"Anda menjalankan farming atau gardening?" Itu pertanyaan Michael Goutama, Managing Director/Shareholder River Glory Pte Ltd Singapura, pemegang lisensi sejumlah varietas padi hibrida, dalam satu diskusi riset perbenihan di Bandung tahun 2008.
Saya hadir dalam diskusi itu. Sebagai penyusun proposal diskusi, pengarah, pemilih narasumber, dan perumus hasil diskusi. Waktu itu hadir peneliti/pemulIa dari IPB, Unpad, UGM, UKSW, dan Unibraw (UB) sebagai narasumber.
Pertanyaan itu diajukan Pak Michael menanggapi klaim produktivitas tinggi sejumlah varietas unggul baru padi, inbrida dan hibrida, yang disampaikan para peneliti-pemulia (breeder).
Produktivitas padi hibrida misalnya diklaim di atas 10 ton GKG/ha. Jika harga GKG Rp 5,000/kg, maka potensi pendapatannya Rp 50,000/ha. Itu dua kali lipat dibanding padi inbrida.
Frasa farming dan gardening itu merujuk skala pertanaman.
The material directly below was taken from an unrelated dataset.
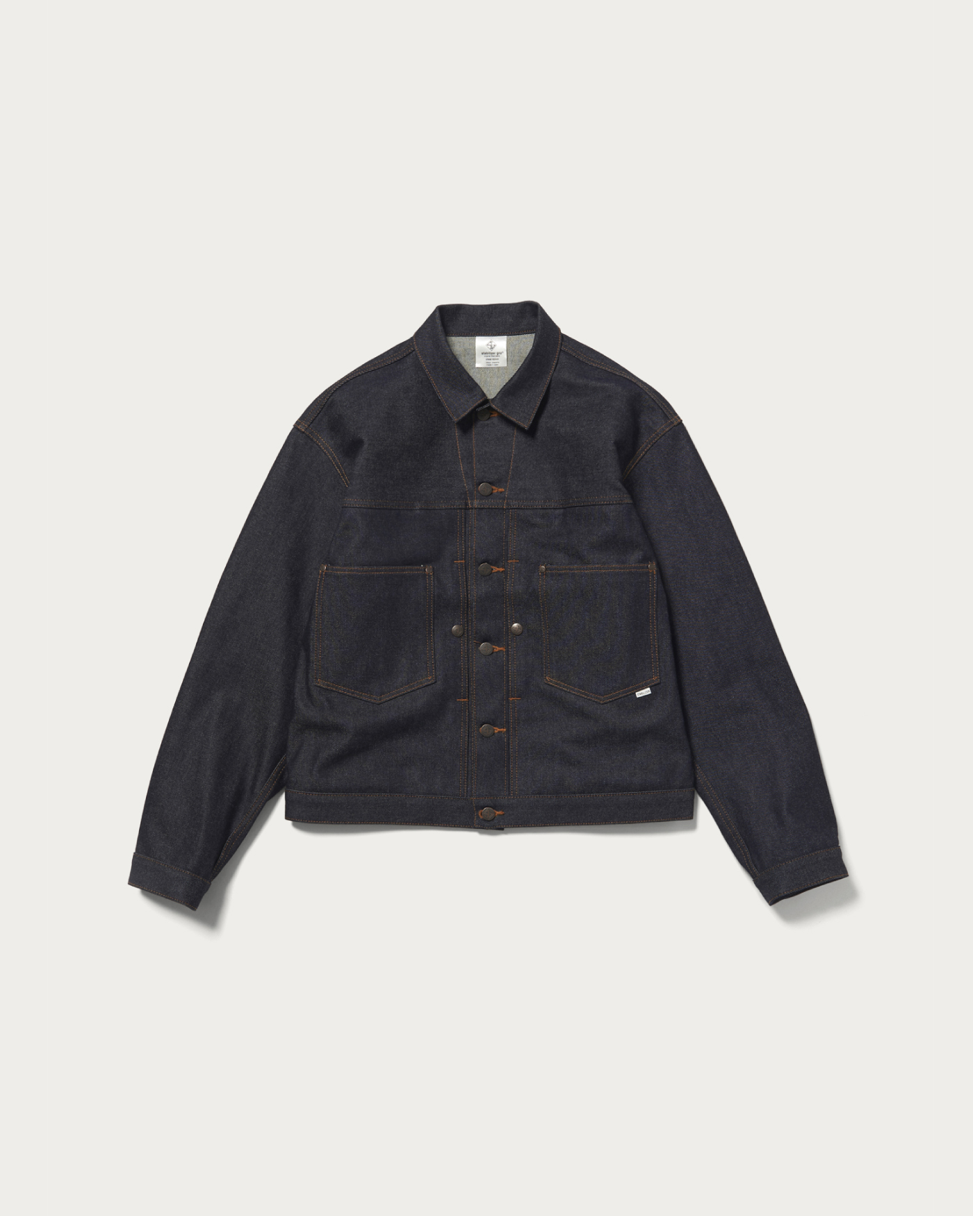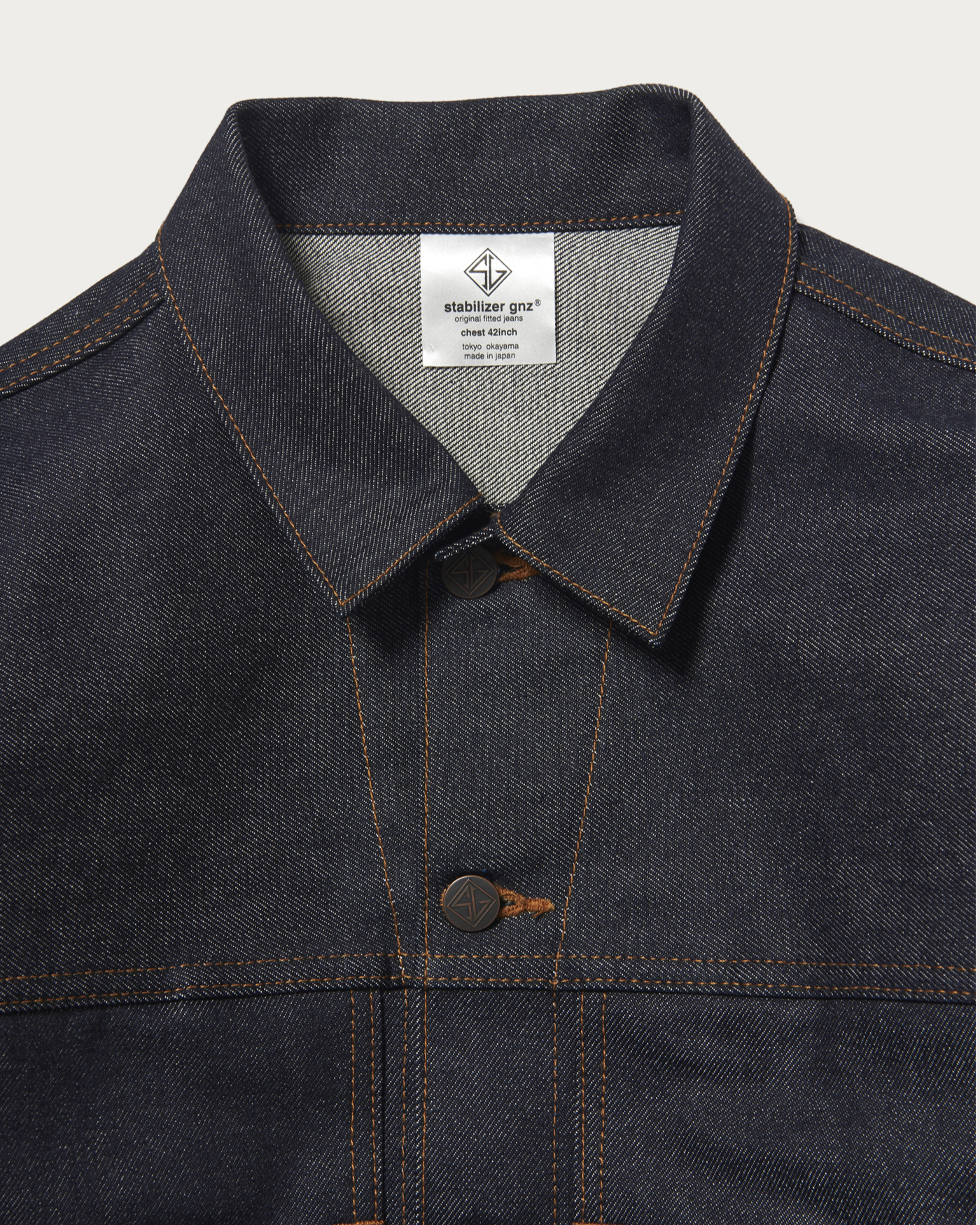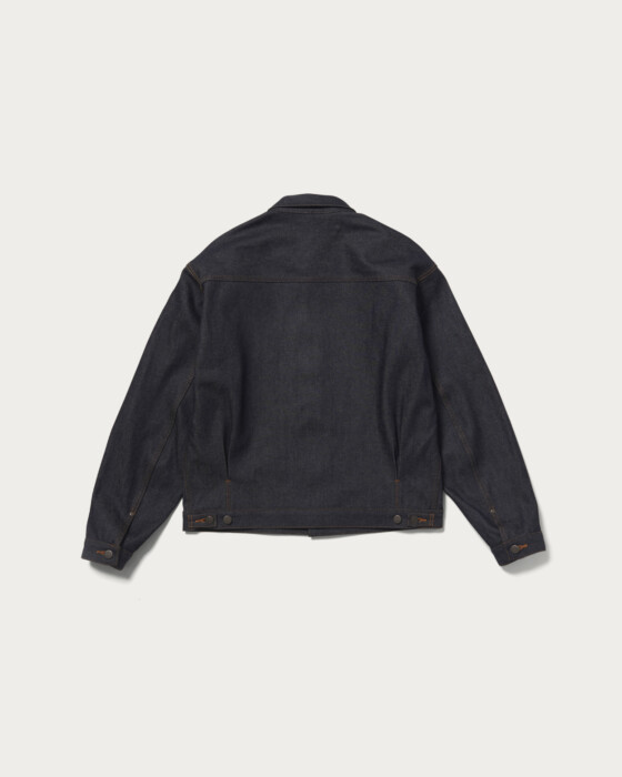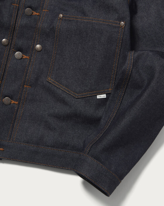 〈STABILIZER GNZ〉との別注コレクションで目指したのは、ドレスアップ感覚で着用できるデニムアイテム。たっぷりとした身幅に短めの着丈を組み合わせた、クラシカルなボックスシルエットのレギュラーカラーデニムジャケットです。胸元にはシンプルなパッチポケットに加え、これまで〈STABILIZER GNZ〉のトップスにも採用されてきた、ミルスペックアイテムを思わせるシームポケットを配置。素材には、リジッドの風合いを長く保てるよう縦落ちしにくい特別なデニム生地を採用しました

Farming itu skala luas, tingkat petani. Misalnya hamparan sawah sedesa, kabupaten, sampai provinsi.
Sedangkan gardening itu skala mikro/sempit, aras demonstration plot (demplot), demonstration farm (demfarm), dan agribisnis skala mikro semisal greenhouse 1,000-2,000 meter persegi.
Aras farming itu merujuk penerapan teknologi pertanian secara ekstensif oleh petani. Sedangkan gardening merujuk penerapan teknologi secara intensif.
Esensi pertanyaan Pak Michael adalah soal skala. Kita bicara tentang skala makro, kepentingan nasional. Semisal swasembada pangan.
Bukan bicara tentang skala mikro, kepentingan laboratoris, atau kepentingan bisnis individual. Semisal ekonomi keluarga petani kecil, atau bisnis hortikultura skala rumahan atau pekarangan (garden).